Activity: Each line below should be repeated exactly, but no picture should be carried over.

Given material:
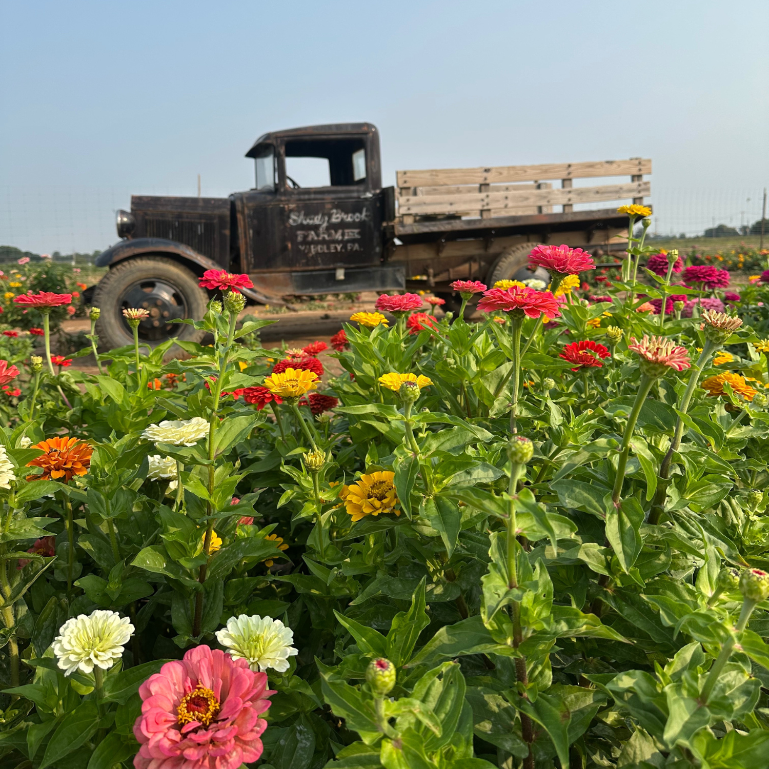 - A rainbow of colorful zinnias in peak bloom
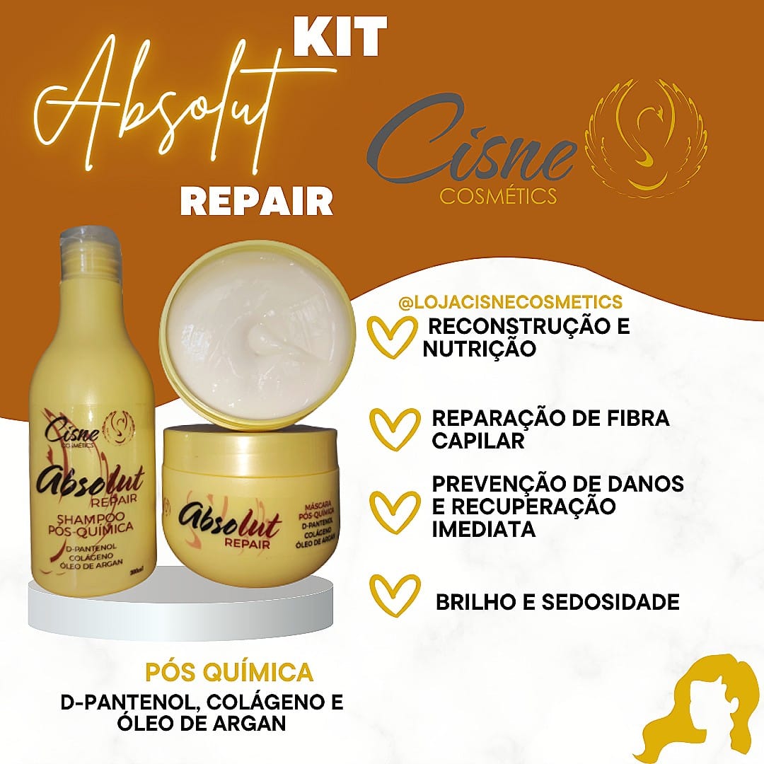 A linha Absolut Repair da Cisne é enriquecida com D-Pantenol, Colágeno e Óleo de Argan que promovem condicionamento, emoliência e nutrição aos fios. O Shampoo Pós-Química reconstrói os cabelos danificados para restaurar a umidade, a elasticidade e o brilho, limpando delicadamente os cabelos. A Máscara Pós-Química é uma máscara capilar que promove intensa hidratação aos cabelos, deixando-os macios, sedosos e com brilho.
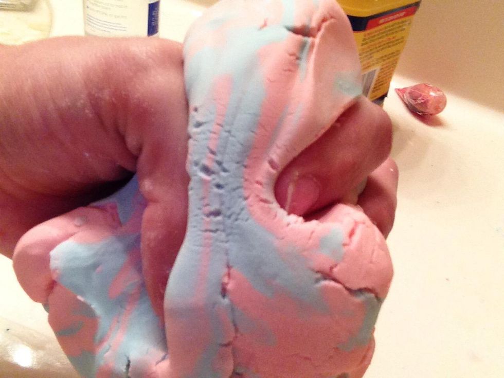 And mix it with your spoon until when you touch it, it doesn't stick to your finger. You can add more corn starch or shampoo to get the right consistency! Then start molding it with your hands.

Problem solution:
 - A rainbow of colorful zinnias in peak bloom
 A linha Absolut Repair da Cisne é enriquecida com D-Pantenol, Colágeno e Óleo de Argan que promovem condicionamento, emoliência e nutrição aos fios. O Shampoo Pós-Química reconstrói os cabelos danificados para restaurar a umidade, a elasticidade e o brilho, limpando delicadamente os cabelos. A Máscara Pós-Química é uma máscara capilar que promove intensa hidratação aos cabelos, deixando-os macios, sedosos e com brilho.
 And mix it with your spoon until when you touch it, it doesn't stick to your finger. You can add more corn starch or shampoo to get the right consistency! Then start molding it with your hands.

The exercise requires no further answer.